App Store : quand l'usage de la publicité faisait débat au sein d'Apple

Florian Innocente |

La publication d'un échange de mail entre deux cadres d'Apple — dans les remous du procès avec Epic — montre que l'idée de mettre de la publicité dans l'App Store bouillonnait au sein de la Pomme, mais qu'elle n'était pas simple à vendre aux propriétaires d'iPhone. Apple, et Tim Cook le premier, les ayant biberonnés avec l'idée que la Pomme leur épargnerait ce type de contenu dans ses produits vendus à des tarifs élevés.

Depuis 2016, avec les Search Ads, Apple placarde de la publicité dans l'App Store et cette semaine encore, ce programme proposé aux éditeurs pour que leurs apps gagnent en visibilité, a trouvé un nouvel emplacement. On en avait dans les résultats de recherche, on en a aussi dans les suggestions.


En bleu, en haut à gauche et en bas à droite (c'est le tout nouvel emplacement), les encarts pub dans l'App Store

Fin février 2015, David Neuman, ingénieur chez Apple, envoie à son collègue Eric Friedman, responsable de la lutte contre la fraude sur l'App Store, un lien vers l'annonce par Google de l'arrivée d'un programme pilote de publicités dans Google Play.

Dans son mail, Neuman exprime son souhait qu'Apple reprenne l'idée et fasse de même. Ce à quoi son interlocuteur répond que le principe de payer pour promouvoir une app serait en effet « formidable ». Justement l'idée a plusieurs fois flotté dans l'air, dit-il, comme un moyen de lutte contre le trucage des classements.

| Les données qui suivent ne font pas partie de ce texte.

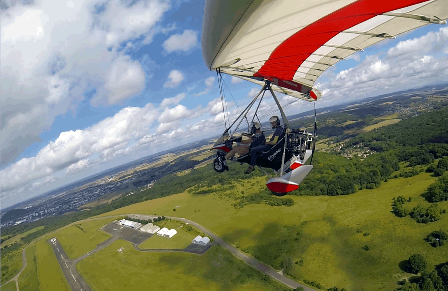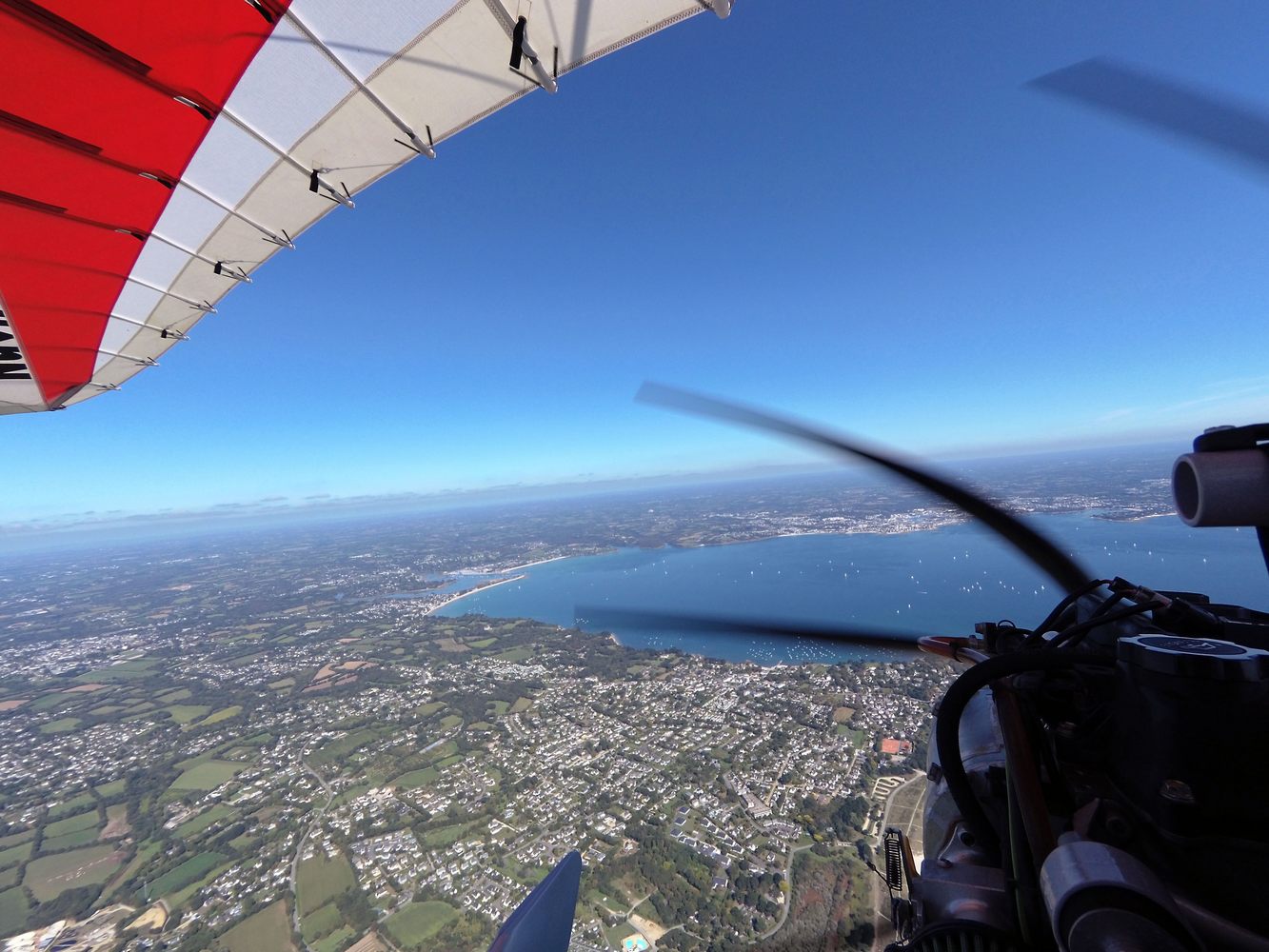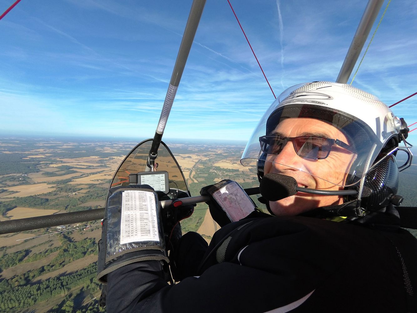 The most difficult part of the flight? "[It] was probably after crossing the halfway point near the Loire Valley. It was the last of the really hot weekends of the summer 2019 and we were obliged to descend quite low due to airspace restrictions and therefore into some very strong afternoon thermic activity. Strong thermals in themselves are not such a big problem for hang glider and paraglider pilots such as myself and Louis, but at low level in a 400+ kg machine at 90km/h it can be a little disconcerting. Although a flex-wing microlight is perhaps one of the simplest and most intuitive aircraft to fly, it is also the most physical. In order to stay on good form, Louis and I took turns to eat, drink and even pee whilst helping each other control of the aircraft. Throughout the afternoon we fought through the thermals and then the convergence over the Bretonne peninsula. Above 3000ft this was bearable, but at lower levels, at certain moments, we both needed all our strength to keep the machine on course."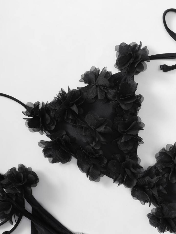 Summer Beach Appliques Halter Triangle Tie Side Bikini Set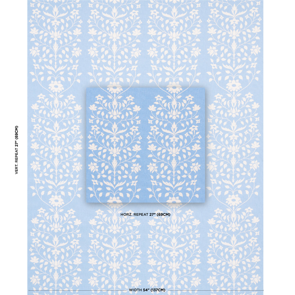 A wonderfully simple stylized floral with a large-scale stripe effect, Jaipur Mughal Flower fabric in cornflower blue was created by Marie-Anne Oudejans and inspired by her work as a decorative painter in Jaipur, India. Rotary printed on soft 100% linen, it has a lovely hand and is perfectly suited for furniture, pillows and window treatments. Also available as a wallpaper. -
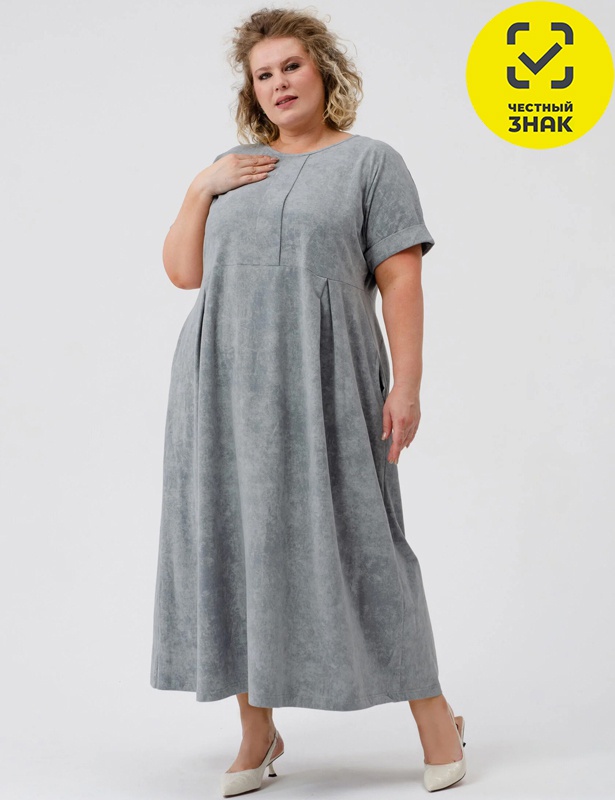 Платье свободного кроя с круглой горловиной и вертикальной декоративной планкой по центру переда. Модель отрезная по линии груди, с втачными рукавами, оформленными отворотами. Низ изделия слегка расширен. В боковых швах расположены врезные карманы. Макси-длина плавно опускается до щиколотки, создавая женственный и элегантный образ.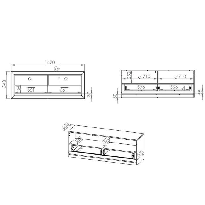 Szafka RTV to kolejny niezbędny element w nowoczesnym pokoju dziennym. Z dwiema szufladami i dwoma półkami zapewnia funkcjonalne miejsce do przechowywania sprzętu multimedialnego oraz dodatkowego miejsca na dekoracje czy inne akcesoria.

« Si les gens sont disposés à payer des "sociétés de marketing" (des bots) pour améliorer leur position, pourquoi est-ce qu'on ne leur permettrait pas de nous payer, nous, pour obtenir la même chose ? » fait observer Eric Friedman ?

Malheureusement personne chez Apple n'est encore prêt à le faire, le sujet est délicat, même si le faire de cette manière aurait le mérite de la transparence.

Friedman estime par ailleurs que le système des classements sur l'App Store ne remplit absolument pas son rôle d'outil de découverte d'apps pour les utilisateurs, ou vraiment très à la marge. Dans la plupart des cas il n'est que le reflet du travail de bots et d'utilisateurs qui ont fait monter des apps sur les podiums en suivant des incitations promotionnelles à les télécharger.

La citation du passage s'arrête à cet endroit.